Exercise objective ::
Reproduce the material below only from the line with "The maternal mortality" to the line with "報告報告包括:樣品名稱、二值", both included, keeping each line exact and dropping the pictures.

Materials provided ::
%%

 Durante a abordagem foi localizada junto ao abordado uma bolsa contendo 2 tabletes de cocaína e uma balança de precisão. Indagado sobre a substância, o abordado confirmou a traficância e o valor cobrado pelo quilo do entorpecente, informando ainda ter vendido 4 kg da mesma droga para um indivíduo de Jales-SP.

%%
%%

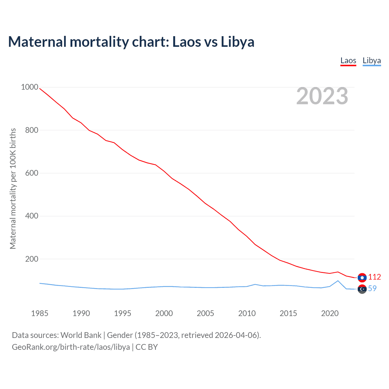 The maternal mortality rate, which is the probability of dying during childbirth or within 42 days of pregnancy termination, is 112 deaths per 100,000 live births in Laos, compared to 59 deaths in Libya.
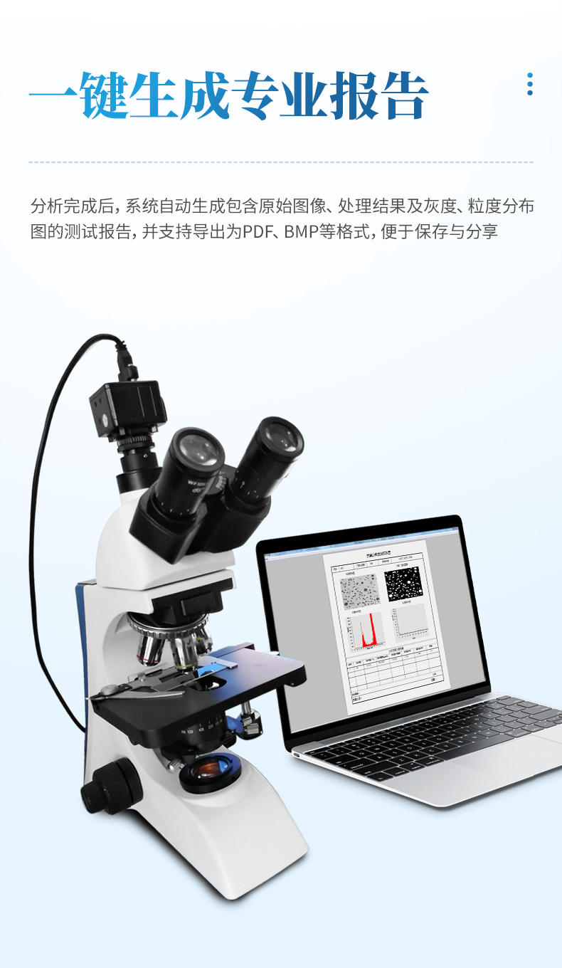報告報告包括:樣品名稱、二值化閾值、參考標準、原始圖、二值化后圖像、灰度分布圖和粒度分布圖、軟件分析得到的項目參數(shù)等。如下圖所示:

%%

Task answer ::
 The maternal mortality rate, which is the probability of dying during childbirth or within 42 days of pregnancy termination, is 112 deaths per 100,000 live births in Laos, compared to 59 deaths in Libya.
報告報告包括:樣品名稱、二值化閾值、參考標準、原始圖、二值化后圖像、灰度分布圖和粒度分布圖、軟件分析得到的項目參數(shù)等。如下圖所示:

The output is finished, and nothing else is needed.